Anatomy of a Well-Formed Task
A task is more than a title. The full task object carries everything an agent needs to do its work without making assumptions or asking the lead for clarification:
{
"id": "task-1",
"title": "Implement payment webhook handler",
"description": "Add ChargeB webhook endpoint to process purchase events",
"status": "in-progress",
"assignee": "backend-agent",
"created_at": "2026-03-29T10:00:00Z",
"completed_at": null,
"dependencies": ["task-2"],
"acceptance_criteria": [
"Validates ChargeB HMAC signature on every request",
"Deducts correct token count on successful purchase",
"Handles idempotent webhook retries without double-charging"
]
}
The dependencies array is particularly important. Listing "task-2" as a dependency tells the system — and any agent reading the task list — that this task cannot begin until task-2 reaches Completed status. This prevents agents from starting work that will immediately be invalidated by upstream changes.
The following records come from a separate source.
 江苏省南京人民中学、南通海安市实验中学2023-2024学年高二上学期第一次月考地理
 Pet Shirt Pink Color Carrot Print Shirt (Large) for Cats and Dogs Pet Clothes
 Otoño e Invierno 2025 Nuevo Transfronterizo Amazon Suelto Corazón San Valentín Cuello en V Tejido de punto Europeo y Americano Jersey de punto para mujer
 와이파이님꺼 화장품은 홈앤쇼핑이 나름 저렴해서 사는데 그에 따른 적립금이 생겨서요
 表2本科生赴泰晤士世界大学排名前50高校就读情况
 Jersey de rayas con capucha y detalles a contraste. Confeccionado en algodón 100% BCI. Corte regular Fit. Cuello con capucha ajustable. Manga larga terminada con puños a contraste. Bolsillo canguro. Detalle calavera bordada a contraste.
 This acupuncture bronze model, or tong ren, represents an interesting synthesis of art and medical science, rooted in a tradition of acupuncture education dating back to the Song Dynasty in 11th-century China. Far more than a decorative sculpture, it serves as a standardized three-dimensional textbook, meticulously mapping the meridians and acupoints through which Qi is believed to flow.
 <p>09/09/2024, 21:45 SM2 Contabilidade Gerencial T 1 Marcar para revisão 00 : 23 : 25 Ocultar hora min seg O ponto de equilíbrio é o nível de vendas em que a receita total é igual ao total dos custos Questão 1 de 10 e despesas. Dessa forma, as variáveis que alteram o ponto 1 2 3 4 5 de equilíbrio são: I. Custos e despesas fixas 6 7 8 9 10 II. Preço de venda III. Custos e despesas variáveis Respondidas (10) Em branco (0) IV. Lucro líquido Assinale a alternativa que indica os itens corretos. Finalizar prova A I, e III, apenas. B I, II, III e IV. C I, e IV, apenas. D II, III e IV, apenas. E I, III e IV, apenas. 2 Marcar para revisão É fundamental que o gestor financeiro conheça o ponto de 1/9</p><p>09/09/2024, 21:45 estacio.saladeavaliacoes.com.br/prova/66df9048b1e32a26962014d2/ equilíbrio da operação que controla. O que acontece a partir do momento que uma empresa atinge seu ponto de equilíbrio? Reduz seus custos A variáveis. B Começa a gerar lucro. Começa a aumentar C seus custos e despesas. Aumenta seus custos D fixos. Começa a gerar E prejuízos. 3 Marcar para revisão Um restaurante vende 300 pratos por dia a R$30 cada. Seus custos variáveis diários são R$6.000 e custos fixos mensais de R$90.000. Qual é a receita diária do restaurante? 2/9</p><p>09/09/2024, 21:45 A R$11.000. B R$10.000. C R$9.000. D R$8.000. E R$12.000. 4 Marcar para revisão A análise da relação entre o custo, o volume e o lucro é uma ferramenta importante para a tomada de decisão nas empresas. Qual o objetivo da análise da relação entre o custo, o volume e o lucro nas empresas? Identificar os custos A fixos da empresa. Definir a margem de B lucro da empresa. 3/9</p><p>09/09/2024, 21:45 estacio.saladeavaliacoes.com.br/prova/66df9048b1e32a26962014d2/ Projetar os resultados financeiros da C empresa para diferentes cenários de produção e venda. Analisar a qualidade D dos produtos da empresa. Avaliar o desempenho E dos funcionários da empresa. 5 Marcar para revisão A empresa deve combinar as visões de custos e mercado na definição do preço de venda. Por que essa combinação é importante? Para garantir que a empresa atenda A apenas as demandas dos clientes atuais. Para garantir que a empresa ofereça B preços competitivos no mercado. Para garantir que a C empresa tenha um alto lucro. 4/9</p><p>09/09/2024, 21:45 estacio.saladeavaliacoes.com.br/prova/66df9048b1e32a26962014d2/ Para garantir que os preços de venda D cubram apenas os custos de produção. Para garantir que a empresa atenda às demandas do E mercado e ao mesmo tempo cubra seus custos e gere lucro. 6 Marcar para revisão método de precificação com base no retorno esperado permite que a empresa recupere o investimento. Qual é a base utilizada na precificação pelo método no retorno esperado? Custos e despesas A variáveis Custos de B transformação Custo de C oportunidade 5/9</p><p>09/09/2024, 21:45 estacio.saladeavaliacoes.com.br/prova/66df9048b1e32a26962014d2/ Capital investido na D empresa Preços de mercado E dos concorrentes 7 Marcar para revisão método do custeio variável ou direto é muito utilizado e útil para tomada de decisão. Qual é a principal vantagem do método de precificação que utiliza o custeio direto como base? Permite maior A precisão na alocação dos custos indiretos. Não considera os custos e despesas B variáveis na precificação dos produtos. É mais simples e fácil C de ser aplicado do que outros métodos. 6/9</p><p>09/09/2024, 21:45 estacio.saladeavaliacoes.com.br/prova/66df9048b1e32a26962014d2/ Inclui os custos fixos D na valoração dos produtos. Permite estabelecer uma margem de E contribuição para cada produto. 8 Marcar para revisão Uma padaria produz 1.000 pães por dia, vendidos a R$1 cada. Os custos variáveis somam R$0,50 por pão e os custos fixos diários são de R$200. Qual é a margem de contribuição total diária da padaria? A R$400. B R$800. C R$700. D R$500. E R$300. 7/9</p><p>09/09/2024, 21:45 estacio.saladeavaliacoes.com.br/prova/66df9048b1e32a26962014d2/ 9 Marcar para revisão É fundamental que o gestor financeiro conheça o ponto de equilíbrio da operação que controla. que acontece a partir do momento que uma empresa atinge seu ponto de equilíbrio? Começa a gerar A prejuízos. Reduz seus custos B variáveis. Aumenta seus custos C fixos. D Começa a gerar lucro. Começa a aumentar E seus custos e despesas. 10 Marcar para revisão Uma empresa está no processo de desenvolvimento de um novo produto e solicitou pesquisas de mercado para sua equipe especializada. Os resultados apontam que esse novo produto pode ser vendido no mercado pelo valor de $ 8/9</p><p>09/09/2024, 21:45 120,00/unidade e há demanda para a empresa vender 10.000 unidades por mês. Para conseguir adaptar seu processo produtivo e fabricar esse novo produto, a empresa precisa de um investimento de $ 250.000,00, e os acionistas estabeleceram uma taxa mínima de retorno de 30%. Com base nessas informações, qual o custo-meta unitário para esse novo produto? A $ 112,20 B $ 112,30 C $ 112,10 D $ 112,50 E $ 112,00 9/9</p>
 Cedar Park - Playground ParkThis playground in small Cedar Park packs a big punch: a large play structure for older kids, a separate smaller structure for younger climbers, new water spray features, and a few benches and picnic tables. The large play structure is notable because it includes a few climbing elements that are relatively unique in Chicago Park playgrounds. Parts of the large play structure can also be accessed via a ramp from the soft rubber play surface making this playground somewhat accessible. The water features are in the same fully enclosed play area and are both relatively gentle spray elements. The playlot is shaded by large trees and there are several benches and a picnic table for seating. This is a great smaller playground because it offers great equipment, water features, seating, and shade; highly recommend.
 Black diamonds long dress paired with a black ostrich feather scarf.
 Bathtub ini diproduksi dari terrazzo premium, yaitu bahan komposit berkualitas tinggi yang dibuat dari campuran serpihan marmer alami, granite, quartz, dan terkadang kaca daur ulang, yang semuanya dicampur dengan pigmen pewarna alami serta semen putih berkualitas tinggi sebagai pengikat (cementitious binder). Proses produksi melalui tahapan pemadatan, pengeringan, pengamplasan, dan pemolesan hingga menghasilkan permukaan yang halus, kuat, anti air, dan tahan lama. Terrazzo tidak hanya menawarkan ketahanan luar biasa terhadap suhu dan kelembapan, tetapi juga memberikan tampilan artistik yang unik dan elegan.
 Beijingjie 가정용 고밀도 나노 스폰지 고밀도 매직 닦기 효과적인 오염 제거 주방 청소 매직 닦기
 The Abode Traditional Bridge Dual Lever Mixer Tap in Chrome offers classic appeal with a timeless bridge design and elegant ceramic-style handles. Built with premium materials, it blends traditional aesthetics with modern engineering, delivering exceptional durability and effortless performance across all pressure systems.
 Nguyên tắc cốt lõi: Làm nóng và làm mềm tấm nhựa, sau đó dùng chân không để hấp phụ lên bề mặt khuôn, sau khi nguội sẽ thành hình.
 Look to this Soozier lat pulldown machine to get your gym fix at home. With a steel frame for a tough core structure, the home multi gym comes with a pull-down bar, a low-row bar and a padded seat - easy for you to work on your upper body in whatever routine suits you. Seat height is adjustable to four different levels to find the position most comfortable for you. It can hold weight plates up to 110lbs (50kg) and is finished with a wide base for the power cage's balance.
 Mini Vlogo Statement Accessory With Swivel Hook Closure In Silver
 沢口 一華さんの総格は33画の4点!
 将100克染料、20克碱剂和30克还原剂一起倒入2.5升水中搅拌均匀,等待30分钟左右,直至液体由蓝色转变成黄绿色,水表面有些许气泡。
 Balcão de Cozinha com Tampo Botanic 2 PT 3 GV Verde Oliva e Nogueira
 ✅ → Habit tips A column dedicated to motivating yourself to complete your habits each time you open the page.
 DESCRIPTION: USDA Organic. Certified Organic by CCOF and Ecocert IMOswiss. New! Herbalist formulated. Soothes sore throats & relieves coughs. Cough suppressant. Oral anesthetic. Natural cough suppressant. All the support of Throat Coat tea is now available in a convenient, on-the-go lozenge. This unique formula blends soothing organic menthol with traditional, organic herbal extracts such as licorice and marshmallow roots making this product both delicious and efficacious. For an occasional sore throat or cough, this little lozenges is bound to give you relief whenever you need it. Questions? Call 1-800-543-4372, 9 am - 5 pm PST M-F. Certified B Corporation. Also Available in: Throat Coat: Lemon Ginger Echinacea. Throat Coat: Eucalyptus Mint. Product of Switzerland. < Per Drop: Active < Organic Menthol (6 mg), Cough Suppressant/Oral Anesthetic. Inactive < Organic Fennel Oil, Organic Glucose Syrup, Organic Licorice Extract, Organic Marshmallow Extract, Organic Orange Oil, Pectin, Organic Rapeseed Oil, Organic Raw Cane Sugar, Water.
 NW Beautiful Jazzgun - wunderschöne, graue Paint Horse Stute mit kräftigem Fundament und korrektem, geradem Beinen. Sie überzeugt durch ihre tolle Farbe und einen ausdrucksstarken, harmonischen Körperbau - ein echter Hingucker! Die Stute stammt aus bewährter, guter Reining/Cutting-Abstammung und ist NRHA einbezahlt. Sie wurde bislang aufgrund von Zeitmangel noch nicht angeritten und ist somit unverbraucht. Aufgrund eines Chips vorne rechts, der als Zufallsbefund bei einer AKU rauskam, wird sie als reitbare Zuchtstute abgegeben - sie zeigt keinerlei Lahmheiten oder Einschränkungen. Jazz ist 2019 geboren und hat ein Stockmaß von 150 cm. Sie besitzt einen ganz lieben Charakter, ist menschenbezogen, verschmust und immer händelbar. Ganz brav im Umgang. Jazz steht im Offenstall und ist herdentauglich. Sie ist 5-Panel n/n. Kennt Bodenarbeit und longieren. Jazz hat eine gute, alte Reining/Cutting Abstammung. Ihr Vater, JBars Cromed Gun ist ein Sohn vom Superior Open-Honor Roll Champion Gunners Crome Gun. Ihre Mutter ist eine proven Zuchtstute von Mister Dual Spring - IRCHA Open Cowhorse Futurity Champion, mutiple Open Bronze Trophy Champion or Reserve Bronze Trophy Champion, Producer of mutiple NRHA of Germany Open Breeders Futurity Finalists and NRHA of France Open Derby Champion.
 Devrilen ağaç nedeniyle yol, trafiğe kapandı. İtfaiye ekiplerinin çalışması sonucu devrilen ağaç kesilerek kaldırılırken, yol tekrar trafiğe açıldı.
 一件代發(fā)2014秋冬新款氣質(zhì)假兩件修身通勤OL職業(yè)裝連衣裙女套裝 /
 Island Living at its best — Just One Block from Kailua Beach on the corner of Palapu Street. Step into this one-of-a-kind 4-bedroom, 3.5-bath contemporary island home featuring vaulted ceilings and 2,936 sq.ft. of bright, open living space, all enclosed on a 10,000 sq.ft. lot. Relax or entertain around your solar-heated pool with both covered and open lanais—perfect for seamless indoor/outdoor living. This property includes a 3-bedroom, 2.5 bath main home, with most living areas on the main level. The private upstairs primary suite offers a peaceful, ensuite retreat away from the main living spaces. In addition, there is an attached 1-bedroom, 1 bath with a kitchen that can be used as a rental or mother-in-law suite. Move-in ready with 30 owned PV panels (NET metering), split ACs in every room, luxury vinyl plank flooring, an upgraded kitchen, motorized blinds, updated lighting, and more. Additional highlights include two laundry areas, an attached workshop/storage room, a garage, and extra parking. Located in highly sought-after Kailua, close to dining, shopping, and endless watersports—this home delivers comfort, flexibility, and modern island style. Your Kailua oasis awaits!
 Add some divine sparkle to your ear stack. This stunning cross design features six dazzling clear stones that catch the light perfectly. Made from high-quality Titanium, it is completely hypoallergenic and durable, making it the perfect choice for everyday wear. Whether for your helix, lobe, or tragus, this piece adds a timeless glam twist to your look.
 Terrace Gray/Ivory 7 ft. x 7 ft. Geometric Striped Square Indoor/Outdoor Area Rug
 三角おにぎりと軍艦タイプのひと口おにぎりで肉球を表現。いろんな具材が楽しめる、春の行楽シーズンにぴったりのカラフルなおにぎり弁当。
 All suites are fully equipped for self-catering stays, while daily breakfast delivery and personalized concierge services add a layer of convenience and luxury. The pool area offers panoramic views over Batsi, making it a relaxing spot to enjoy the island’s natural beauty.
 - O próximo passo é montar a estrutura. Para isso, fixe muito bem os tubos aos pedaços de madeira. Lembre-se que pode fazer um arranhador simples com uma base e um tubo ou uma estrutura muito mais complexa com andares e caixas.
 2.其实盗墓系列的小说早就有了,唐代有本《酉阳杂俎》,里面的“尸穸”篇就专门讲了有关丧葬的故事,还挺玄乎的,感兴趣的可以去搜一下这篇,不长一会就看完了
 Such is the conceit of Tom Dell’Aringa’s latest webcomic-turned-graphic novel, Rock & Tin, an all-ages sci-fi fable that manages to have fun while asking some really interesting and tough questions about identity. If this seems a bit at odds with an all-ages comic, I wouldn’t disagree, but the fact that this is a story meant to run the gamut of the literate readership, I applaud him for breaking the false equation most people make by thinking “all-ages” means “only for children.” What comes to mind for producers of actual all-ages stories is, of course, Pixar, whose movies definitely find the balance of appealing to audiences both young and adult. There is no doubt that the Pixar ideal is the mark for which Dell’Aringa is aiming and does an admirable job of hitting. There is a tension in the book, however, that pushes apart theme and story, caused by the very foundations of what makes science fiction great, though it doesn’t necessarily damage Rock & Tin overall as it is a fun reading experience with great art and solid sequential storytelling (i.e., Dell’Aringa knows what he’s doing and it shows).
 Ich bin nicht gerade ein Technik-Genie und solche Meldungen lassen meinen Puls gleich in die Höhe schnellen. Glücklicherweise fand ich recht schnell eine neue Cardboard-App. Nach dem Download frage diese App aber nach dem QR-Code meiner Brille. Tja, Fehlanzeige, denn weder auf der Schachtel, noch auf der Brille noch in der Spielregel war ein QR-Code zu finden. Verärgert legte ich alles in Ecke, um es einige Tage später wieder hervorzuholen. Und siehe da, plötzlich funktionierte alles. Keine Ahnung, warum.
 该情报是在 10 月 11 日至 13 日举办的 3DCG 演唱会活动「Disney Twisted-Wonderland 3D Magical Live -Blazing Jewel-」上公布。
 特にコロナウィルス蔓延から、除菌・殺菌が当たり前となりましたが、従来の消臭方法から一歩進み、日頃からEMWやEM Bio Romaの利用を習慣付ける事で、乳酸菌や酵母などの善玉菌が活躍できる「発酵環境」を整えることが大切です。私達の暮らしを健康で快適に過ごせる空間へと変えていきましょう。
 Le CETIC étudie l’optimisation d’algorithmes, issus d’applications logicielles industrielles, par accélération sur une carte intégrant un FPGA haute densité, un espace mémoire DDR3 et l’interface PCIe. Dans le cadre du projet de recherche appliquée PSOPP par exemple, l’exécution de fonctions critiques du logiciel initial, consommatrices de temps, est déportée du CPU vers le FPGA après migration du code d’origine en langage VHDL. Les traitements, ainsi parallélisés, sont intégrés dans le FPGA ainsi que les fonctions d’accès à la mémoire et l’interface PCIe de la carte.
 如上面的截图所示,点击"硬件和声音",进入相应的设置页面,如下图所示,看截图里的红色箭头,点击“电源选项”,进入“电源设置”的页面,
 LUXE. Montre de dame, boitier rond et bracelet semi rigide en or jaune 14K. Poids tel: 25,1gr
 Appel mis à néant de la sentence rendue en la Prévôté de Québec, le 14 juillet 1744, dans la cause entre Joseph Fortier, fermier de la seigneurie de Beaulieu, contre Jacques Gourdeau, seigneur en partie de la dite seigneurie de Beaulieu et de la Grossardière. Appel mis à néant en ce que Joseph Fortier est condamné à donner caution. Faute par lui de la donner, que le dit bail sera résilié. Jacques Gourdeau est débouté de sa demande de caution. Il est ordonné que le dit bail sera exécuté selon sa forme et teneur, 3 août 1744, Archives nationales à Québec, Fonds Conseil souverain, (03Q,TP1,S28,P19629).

The JSON above is an illustrative example of how to think about task design, not the literal schema Claude Code stores on disk. Fields like acceptance_criteria and dependencies are best practices for what you include in the task description when creating tasks — they help agents understand what "done" means and what to wait for.
Good vs. Poor Task Design
The difference between a productive agent and a confused one often comes down to the quality of its task description. Compare these two:
Title: Implement authentication layer
Description: Add JWT token generation and validation using the existing src/auth/ module. Follow the pattern established in auth.service.ts.
Acceptance Criteria:
- POST /auth/login returns a signed JWT on valid credentials
- Protected endpoints return 401 on missing or expired token
- Token expiration is configurable via environment variable
Title: Build feature Description: Make it work
The poor task forces the agent to make dozens of decisions that should have been made by the lead during planning: Which feature? What does "work" mean? Are there edge cases to handle? Every unanswered question becomes a potential source of divergence from your intent.
Task Granularity Rule
Sizing tasks correctly is a skill. Too large and the agent becomes overwhelmed, makes sweeping assumptions, and the task becomes impossible to parallelize. Too small and the overhead of task management — reading the task list, writing status updates, sending completion messages — exceeds the value of the work itself.
The practical rule of thumb: one task should represent 5–30 minutes of focused work. That translates to one meaningful component — a single API endpoint, one database migration, one React component, one test suite for a specific module. When you find yourself writing a task like "implement the entire billing system," break it into its constituent parts.
Communication Patterns
How agents talk to each other is as important as what they say. Agent Teams support two fundamentally different communication topologies, and choosing the right one affects both speed and reliability.
Pattern 1: Hub-and-Spoke (Through Lead)
In the hub-and-spoke model, all communication flows through the lead agent. A teammate never speaks directly to another teammate — it sends a message to the lead, which decides what to relay and when.
Teammate A → Lead → Teammate B
(traditional, serialized, controlled)
This pattern is predictable and easy to audit. The lead always has a complete picture of what every agent knows. The downside is latency: if BackendAgent discovers an API contract issue that FrontendAgent needs to know about immediately, that information has to bounce through the lead before it reaches the right recipient.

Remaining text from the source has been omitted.